ABOUT THIS EXERCISE:
Starting at the line below with "หลอดล่อแมลง Actinic BL" and stopping at the line with "Sterling Silver Rhodium-plated", please print each line exactly, those two included, and skip every picture.

PROVIDED RECORDS:
=== Begin Enclosure ===

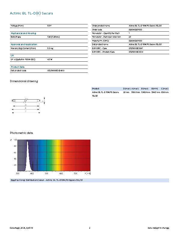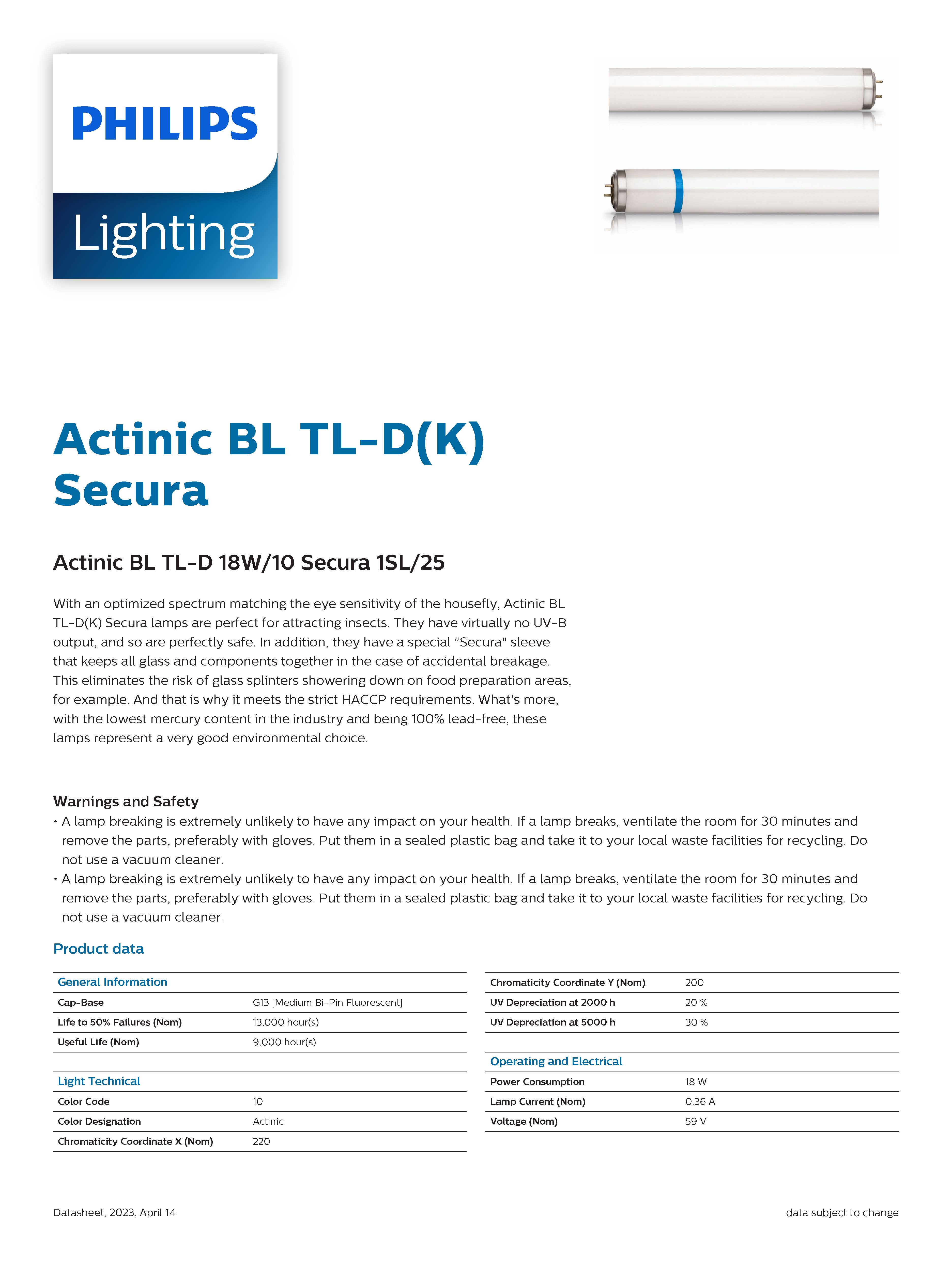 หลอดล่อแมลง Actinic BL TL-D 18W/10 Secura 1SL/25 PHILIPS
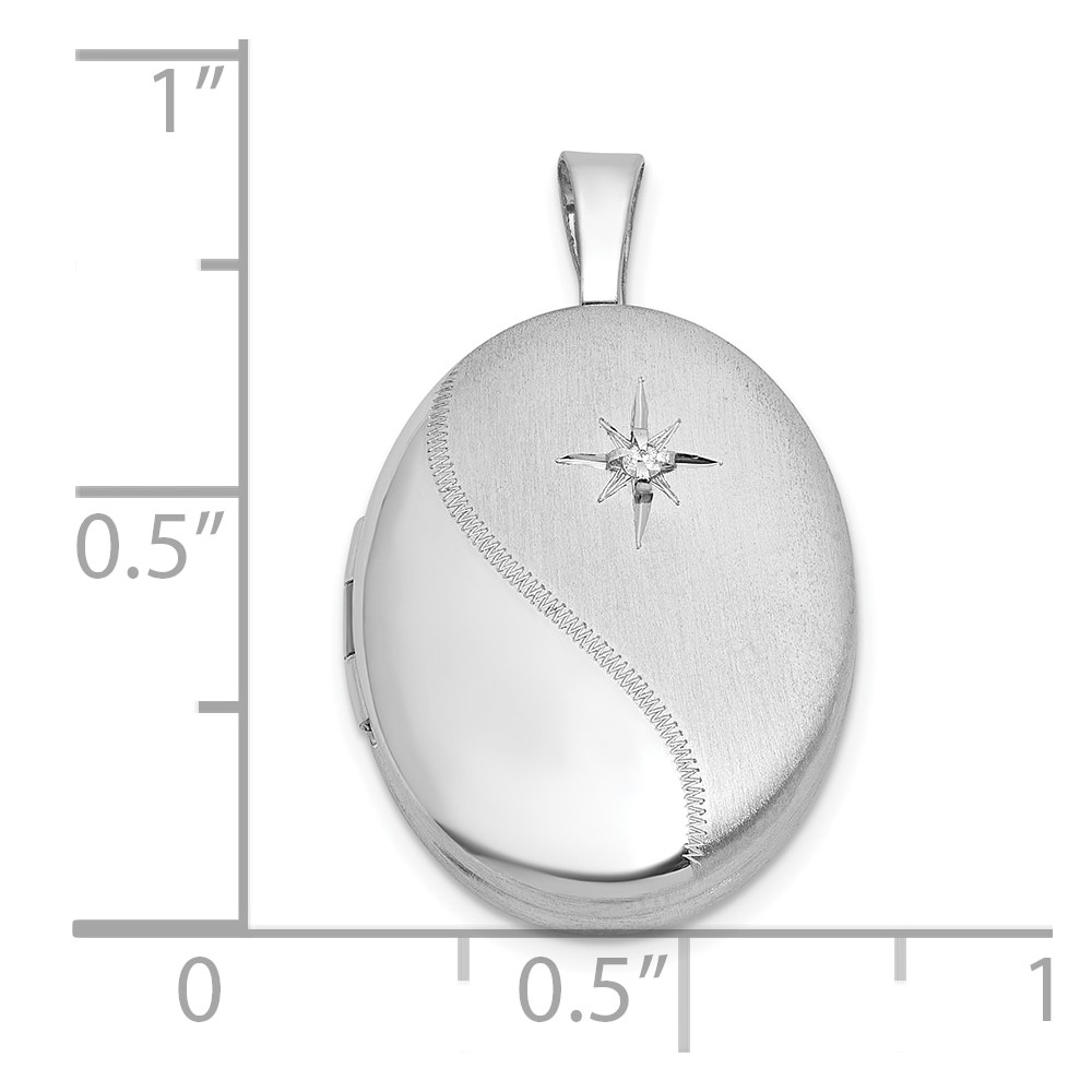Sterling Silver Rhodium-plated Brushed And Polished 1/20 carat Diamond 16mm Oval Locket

=== End Enclosure ===
=== Begin Enclosure ===

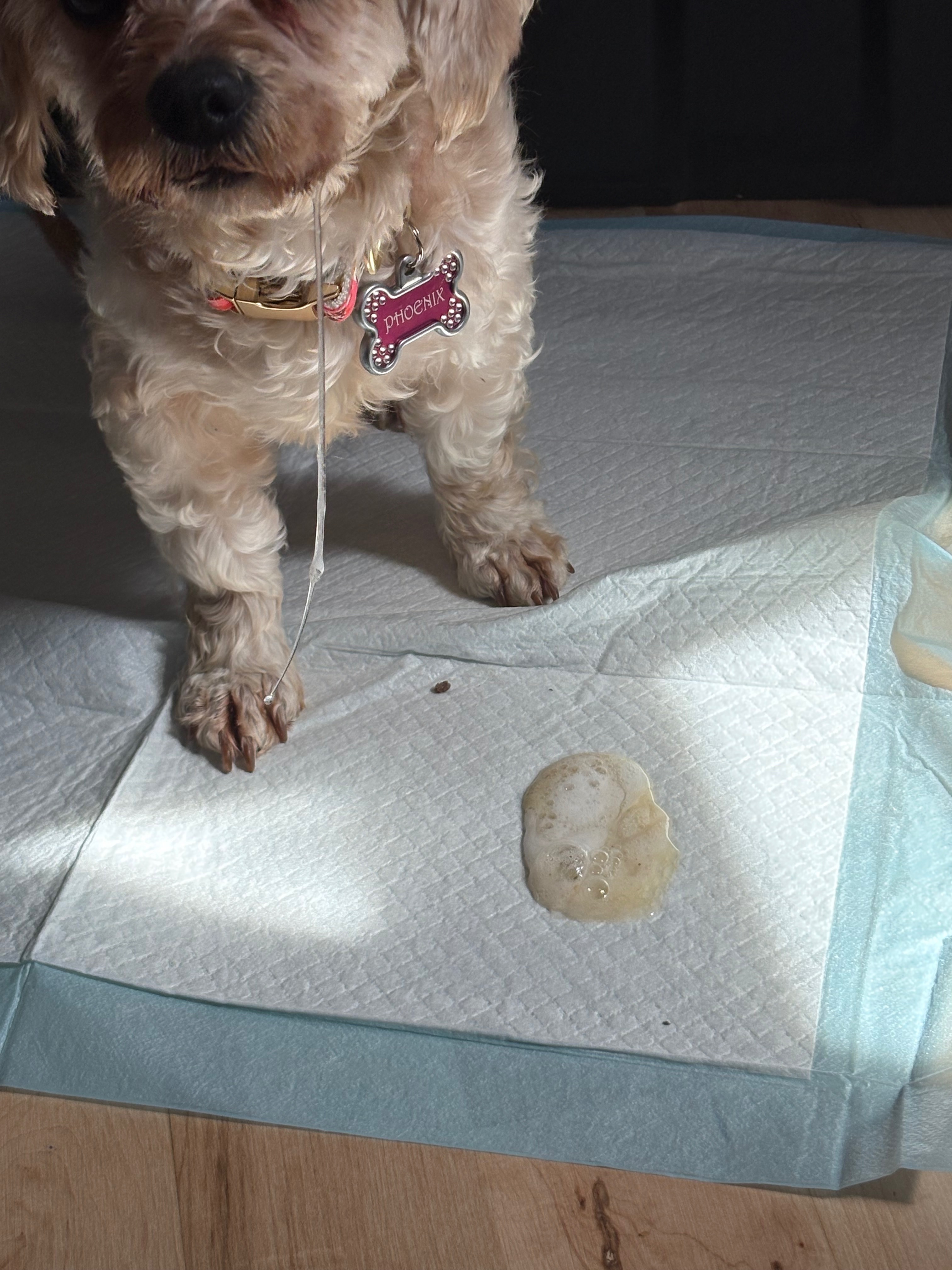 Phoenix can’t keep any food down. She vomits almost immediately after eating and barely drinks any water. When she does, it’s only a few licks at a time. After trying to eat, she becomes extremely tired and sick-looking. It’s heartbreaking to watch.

=== End Enclosure ===
=== Begin Enclosure ===

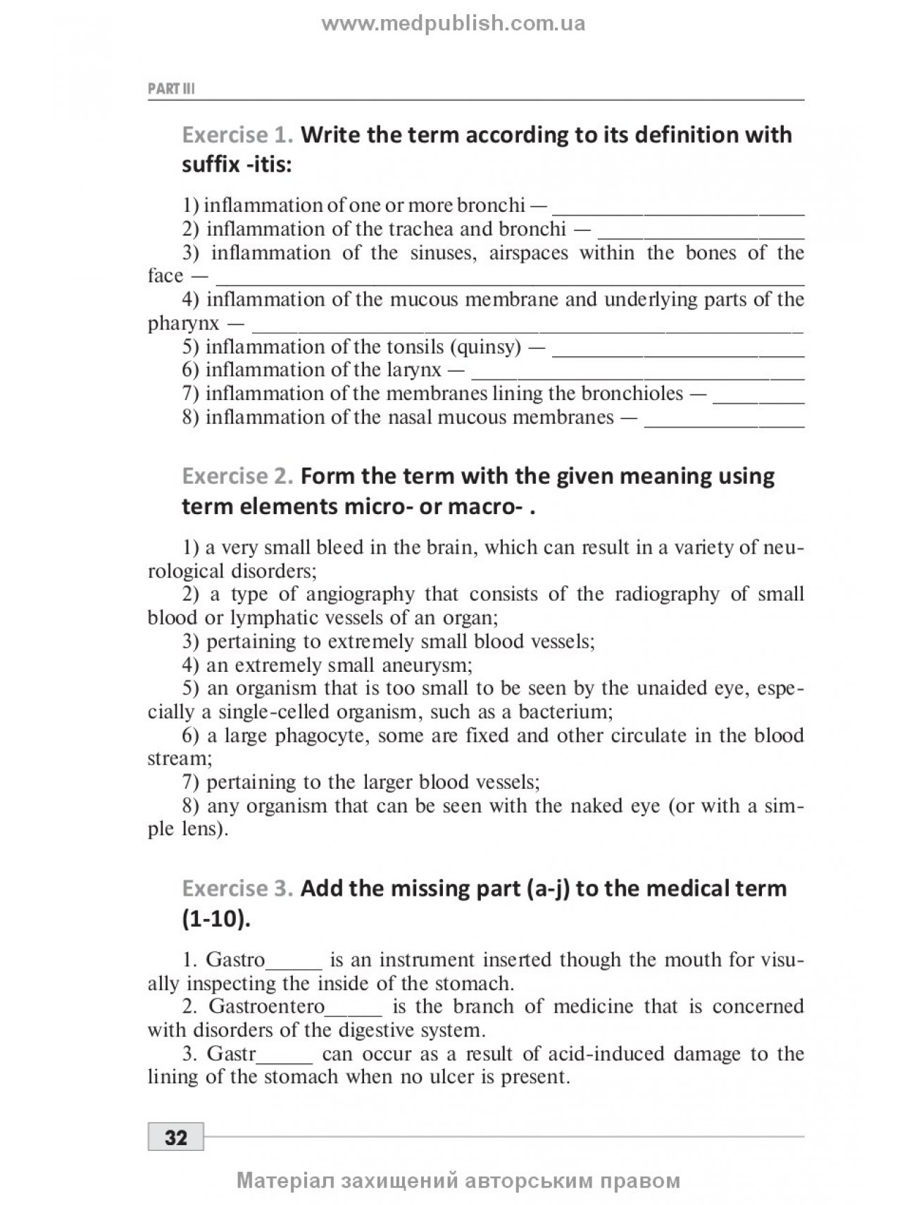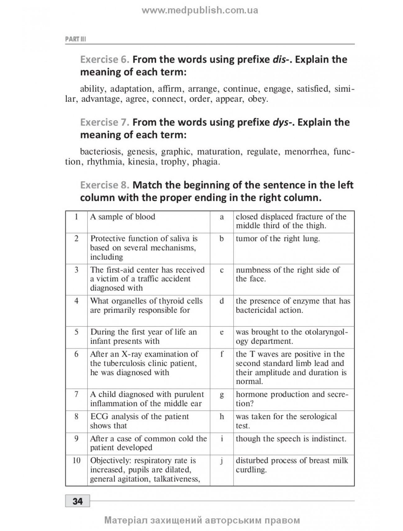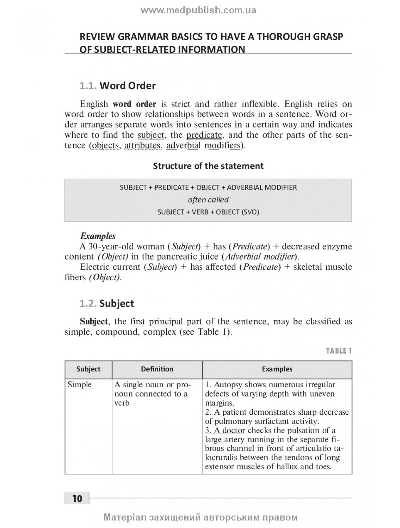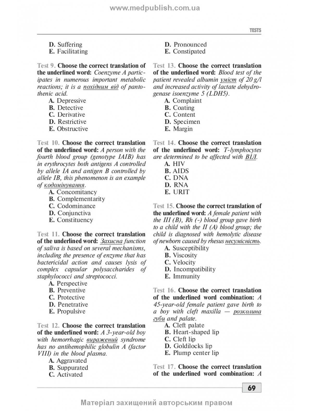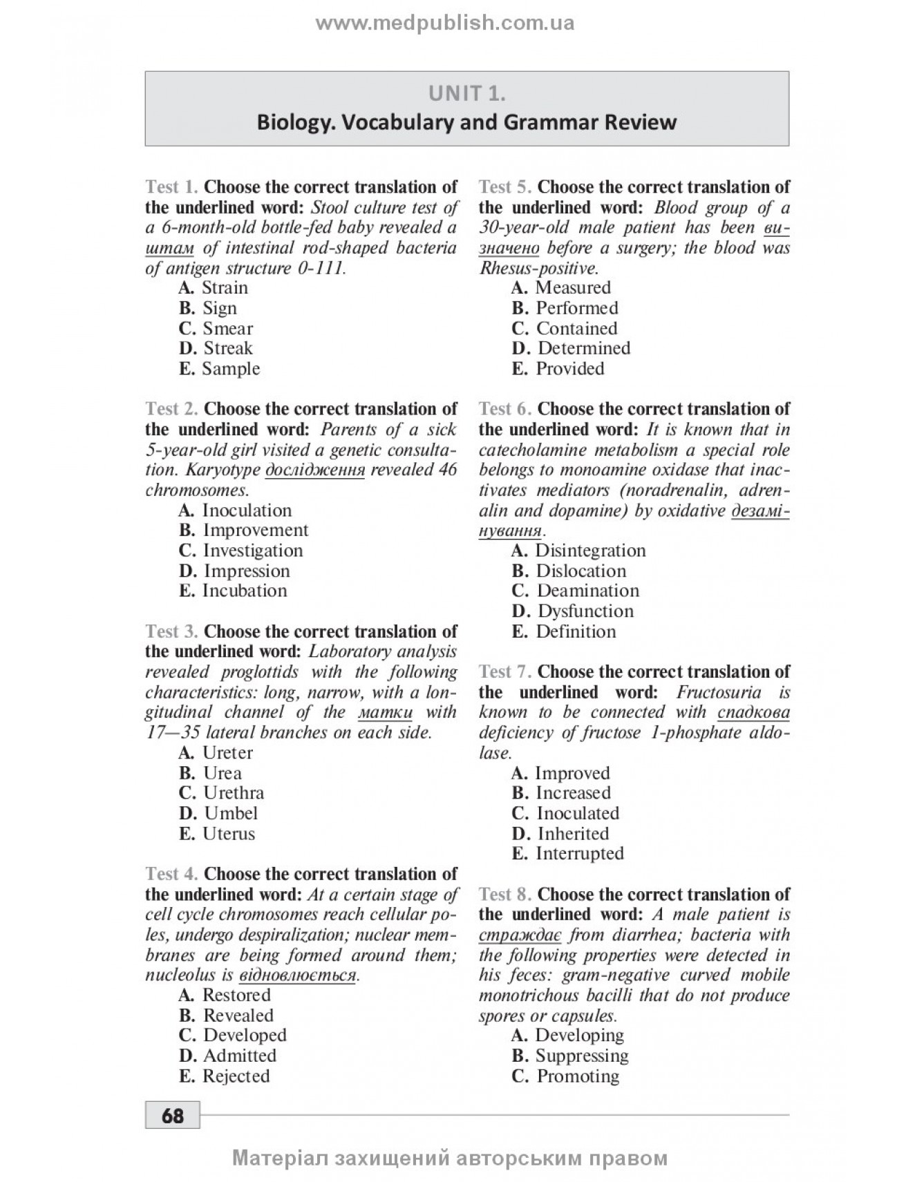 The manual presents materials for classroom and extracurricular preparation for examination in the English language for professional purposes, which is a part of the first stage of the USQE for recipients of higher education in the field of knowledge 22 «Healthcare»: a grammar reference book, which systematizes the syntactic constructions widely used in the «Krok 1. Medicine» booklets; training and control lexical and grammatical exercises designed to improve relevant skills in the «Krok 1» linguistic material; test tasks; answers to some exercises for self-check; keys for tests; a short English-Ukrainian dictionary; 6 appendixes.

=== End Enclosure ===

EXPECTED ANSWER:
 หลอดล่อแมลง Actinic BL TL-D 18W/10 Secura 1SL/25 PHILIPS
Sterling Silver Rhodium-plated Brushed And Polished 1/20 carat Diamond 16mm Oval Locket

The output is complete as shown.